◆ WORK TO BE COMPLETED ◆
Your task is to transcribe all of the data below exactly, omitting the images.

Data extracted from a collection
○ ○ ○

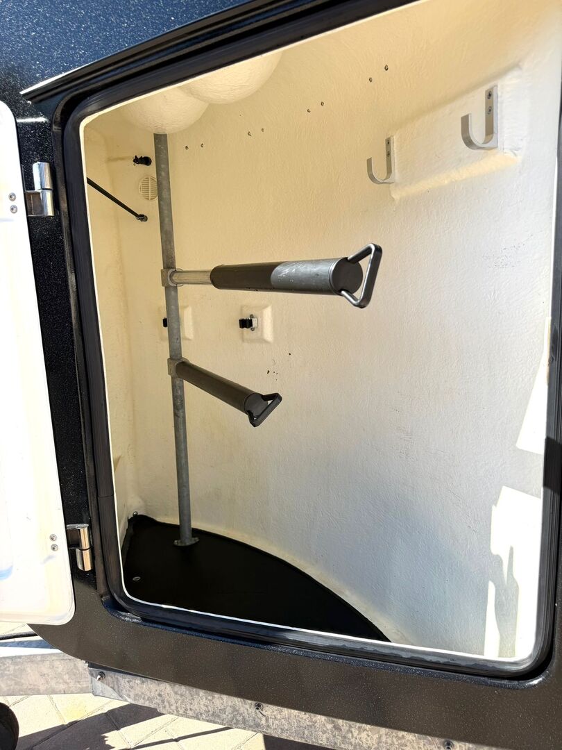 - Pomieszczenie na siodło z wysuwanymi uchwytami na siodło i oświetleniem wewnętrznym oraz łopatą i miotłą
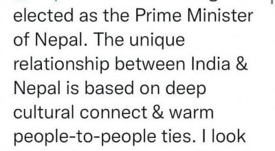 Kathmandu. The Indian counterpart has congratulated the newly appointed Prime Minister Pushpa Kamal Dahal Prachanda.
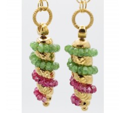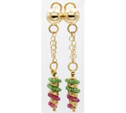 Orecchini pendenti in oro giallo 18Kt Chiusura perno e clip Smeraldi Rubini Lunghezza Cm.6,2 Corredati da certificato di garanzia e confezione...
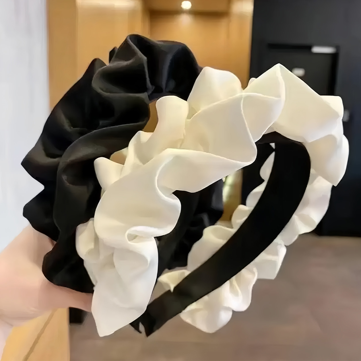 布艺发饰高颅顶褶皱木耳边时尚宽边显脸小发箍小头箍简约无痕蓬松
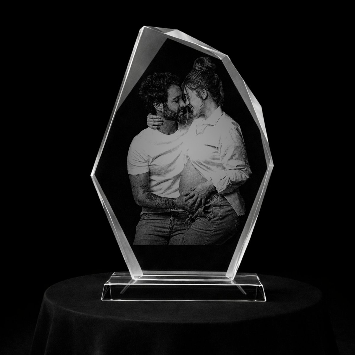 La fuerza del fuego hecha cristal, símbolo de pasión y energía. Perfecto para destacar logros, premiaciones, recuerdos que representan superación, retratos o parejas.
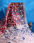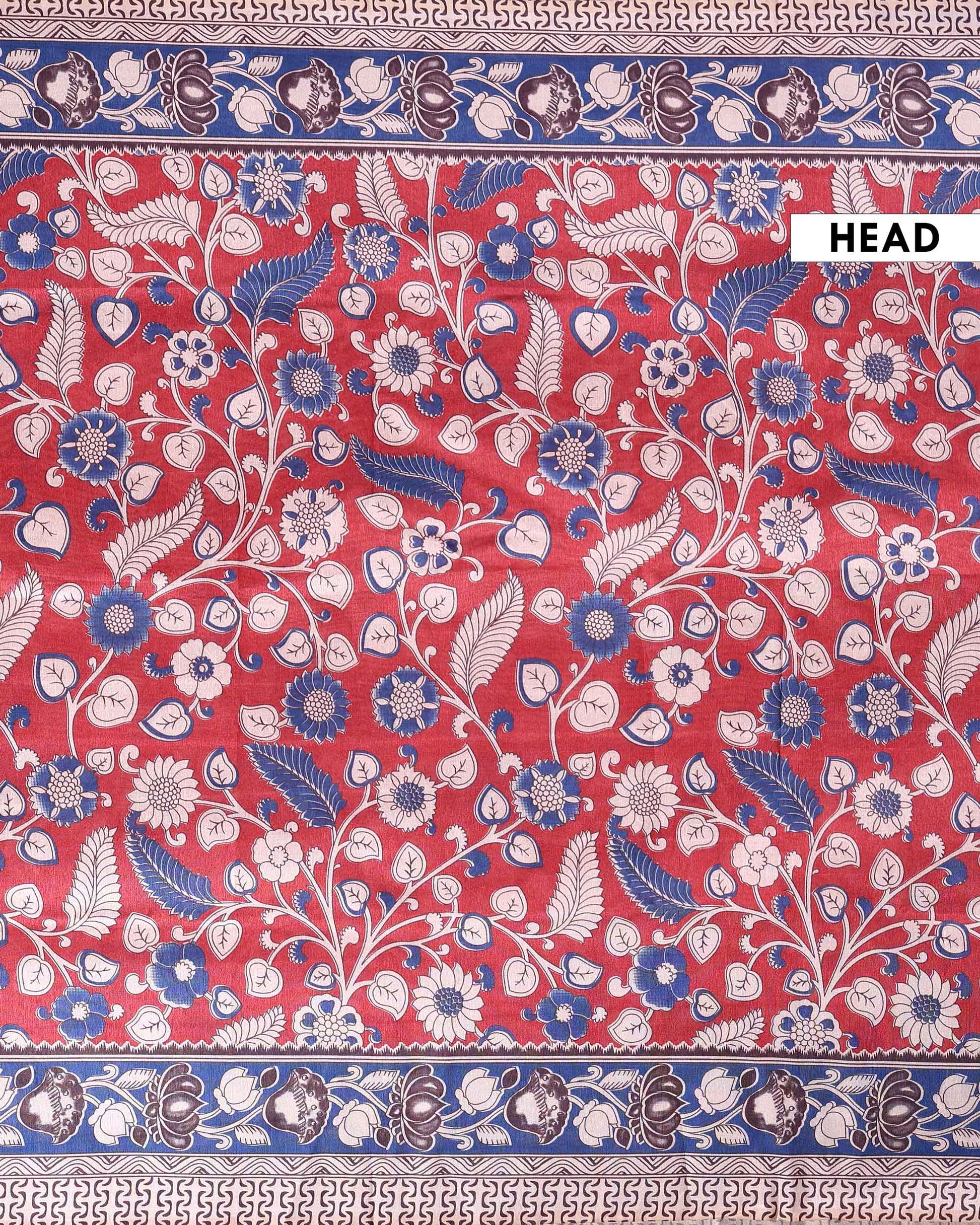 - Elegant raw silk Kalamkari saree a rich red base with intricate blue and beige floral prints and a striking peacock pallu.Ā
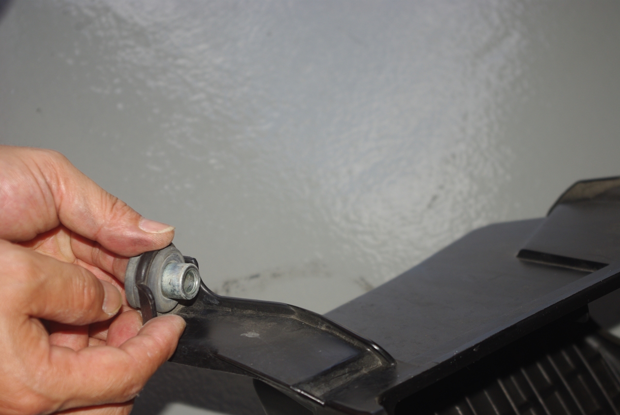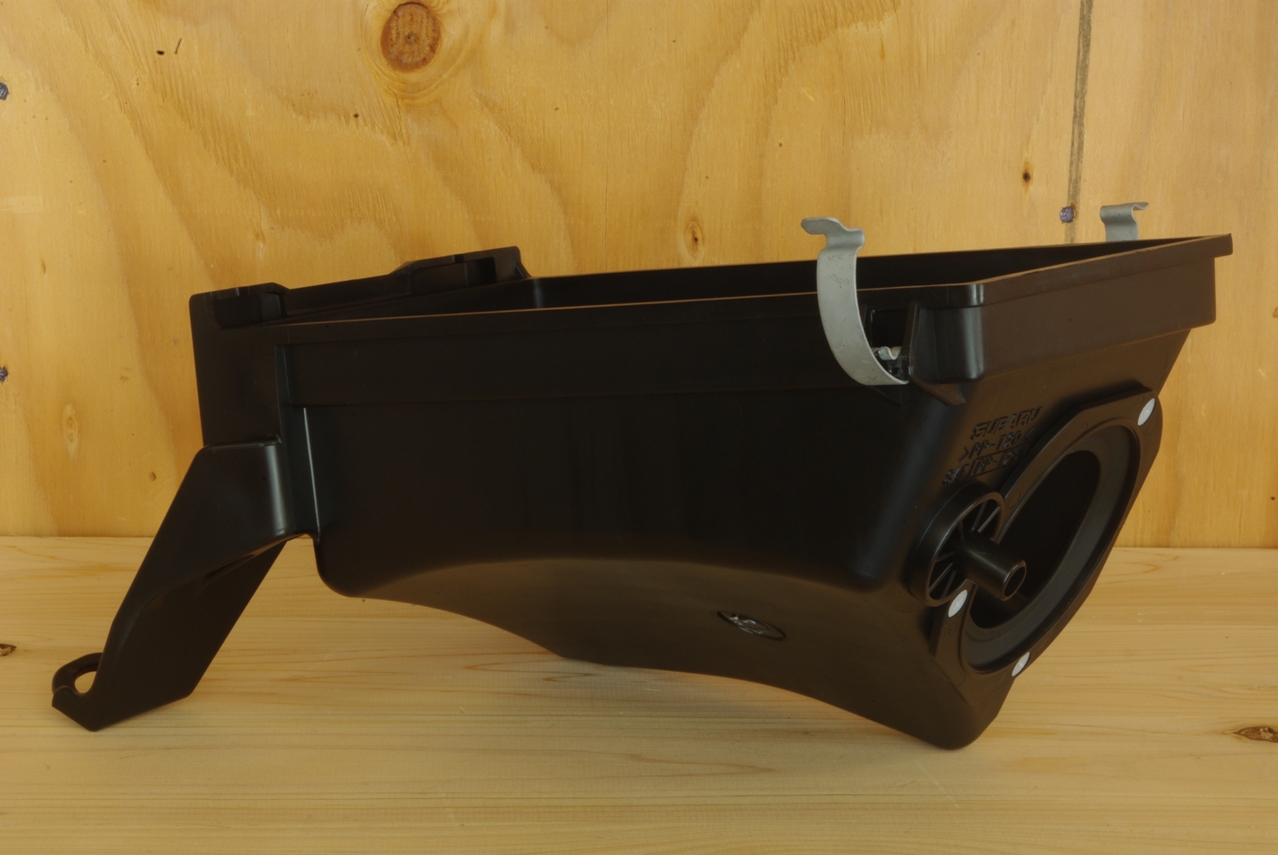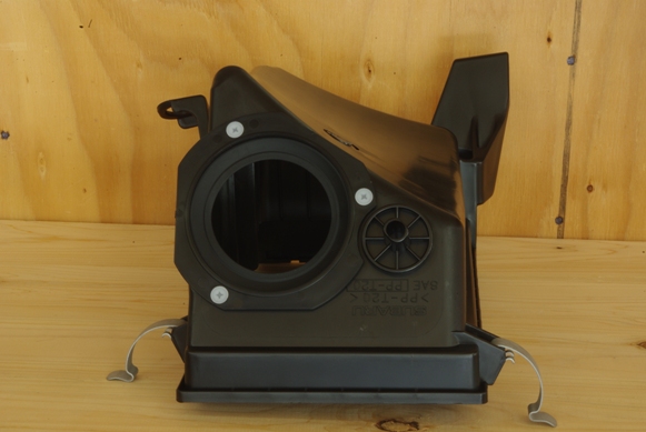 エンジンルーム壁側のレゾネーターの出口をロアーケースのエアーインテーク穴に差し込み、同時に壁のグロメットの穴にケース側の突起も差し込んで、ロアーケースの位置決めをした後、ボルトで2箇所、床部にケースの脚をしっかりと固定します。
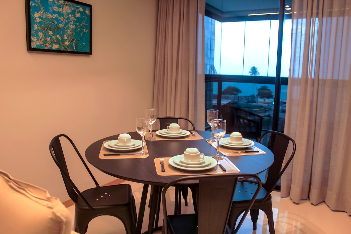 Apartment for up to 4 guests with amazing sea views on Pajuçara Beach. The building has a SPA, Jacuzzi, adult and children's pool, sauna, toy library, laundry, game room, and gym. Choose to be close to the city's main attractions with hotel structure and price that fits in your pocket. Apartamento has Queen size bed and sea view from the bedroom Air conditioning in the living room and bedroom. 100% air-conditioned apartment Kitchen equipped with utensils Balcony with sea view Parking
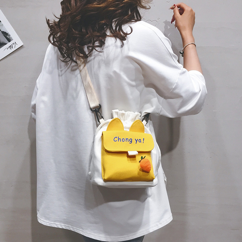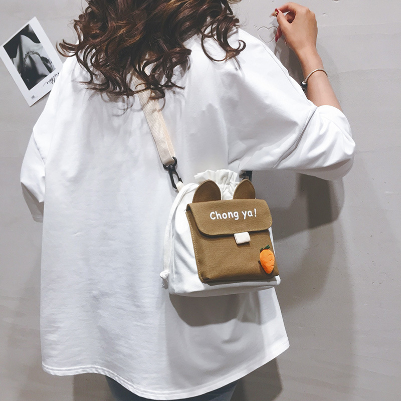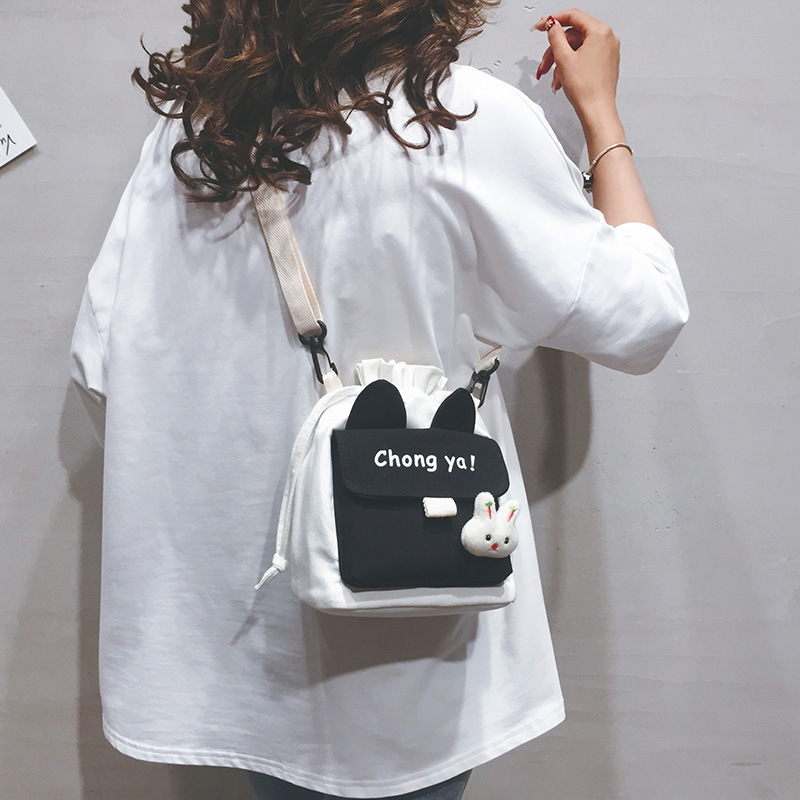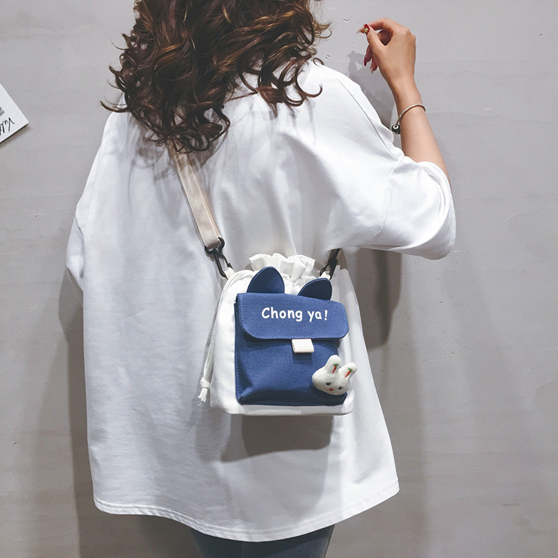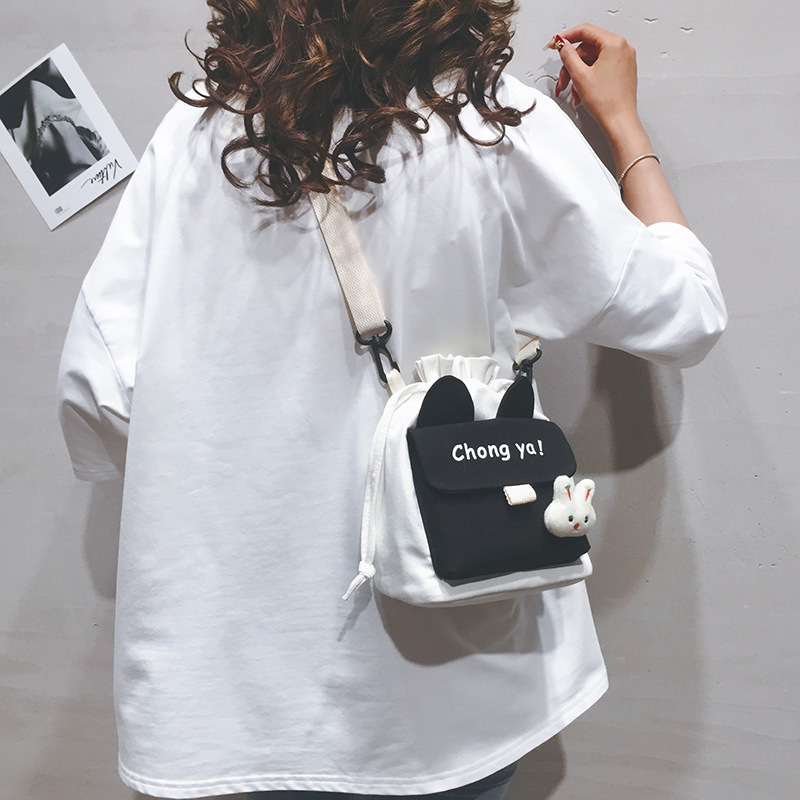 Tas Kecil Lucu Tas Selempang Kanvas Mudah Dipadu Padan Gaya Jepang Instagram Gaya Korea Model Baru 2025 Tas Ember Bahu Tunggal Pelajar Perempuan

○ ○ ○

◆ SOLUTION FOR THIS EXERCISE ◆
 - Pomieszczenie na siodło z wysuwanymi uchwytami na siodło i oświetleniem wewnętrznym oraz łopatą i miotłą
 Kathmandu. The Indian counterpart has congratulated the newly appointed Prime Minister Pushpa Kamal Dahal Prachanda.
 Orecchini pendenti in oro giallo 18Kt Chiusura perno e clip Smeraldi Rubini Lunghezza Cm.6,2 Corredati da certificato di garanzia e confezione...
 布艺发饰高颅顶褶皱木耳边时尚宽边显脸小发箍小头箍简约无痕蓬松
 La fuerza del fuego hecha cristal, símbolo de pasión y energía. Perfecto para destacar logros, premiaciones, recuerdos que representan superación, retratos o parejas.
 - Elegant raw silk Kalamkari saree a rich red base with intricate blue and beige floral prints and a striking peacock pallu.Ā
 エンジンルーム壁側のレゾネーターの出口をロアーケースのエアーインテーク穴に差し込み、同時に壁のグロメットの穴にケース側の突起も差し込んで、ロアーケースの位置決めをした後、ボルトで2箇所、床部にケースの脚をしっかりと固定します。
 Apartment for up to 4 guests with amazing sea views on Pajuçara Beach. The building has a SPA, Jacuzzi, adult and children's pool, sauna, toy library, laundry, game room, and gym. Choose to be close to the city's main attractions with hotel structure and price that fits in your pocket. Apartamento has Queen size bed and sea view from the bedroom Air conditioning in the living room and bedroom. 100% air-conditioned apartment Kitchen equipped with utensils Balcony with sea view Parking
 Tas Kecil Lucu Tas Selempang Kanvas Mudah Dipadu Padan Gaya Jepang Instagram Gaya Korea Model Baru 2025 Tas Ember Bahu Tunggal Pelajar Perempuan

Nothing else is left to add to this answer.